At the mouth of the shaft we stopped again for a moment for all the vessels to reach their previously appointed stations, then with the flagship I dropped quickly into the black depths, while one by one the other vessels followed me in quick succession.
We had decided to stake all on the chance that we would be able to reach the temple by the subterranean way and so we left no guard of vessels at the shaft's mouth. Nor would it have profited us any to have done so, for we did not have sufficient force all told to have withstood the vast navy of the First Born had they returned to engage us.
For the safety of our entrance upon Omean we depended largely upon the very boldness of it, believing that it would be some little time before the First Born on guard there would realize that it was an enemy and not their own returning fleet that was entering the vault of the buried sea.
And such proved to be the case. In fact, four hundred of my fleet of five hundred rested safely upon the bosom of Omean before the first shot was fired. The battle was short and hot, but there could have been but one outcome, for the First Born in the carelessness of fancied security had left but a handful of ancient and obsolete hulks to guard their mighty harbour.
It was at Carthoris' suggestion that we landed our prisoners under guard upon a couple of the larger islands, and then towed the ships of the First Born to the shaft, where we managed to wedge a number of them securely in the interior of the great well.
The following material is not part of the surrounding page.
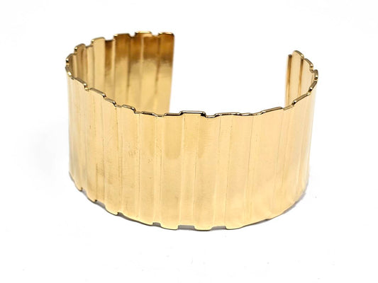 Χρυσό Φαρδύ Βραχιόλι Cuff με Αυλακωτή Σχεδίαση και Γυαλιστερή Επιφάνεια | 2512-218X

Then we turned on the buoyance rays in the balance of them and let them rise by themselves to further block the passage to Omean as they came into contact with the vessels already lodged there.
We now felt that it would be some time at least before the returning First Born could reach the surface of Omean, and that we would have ample opportunity to make for the subterranean passages which lead to Issus. One of the first steps I took was to hasten personally with a good-sized force to the island of the submarine, which I took without resistance on the part of the small guard there.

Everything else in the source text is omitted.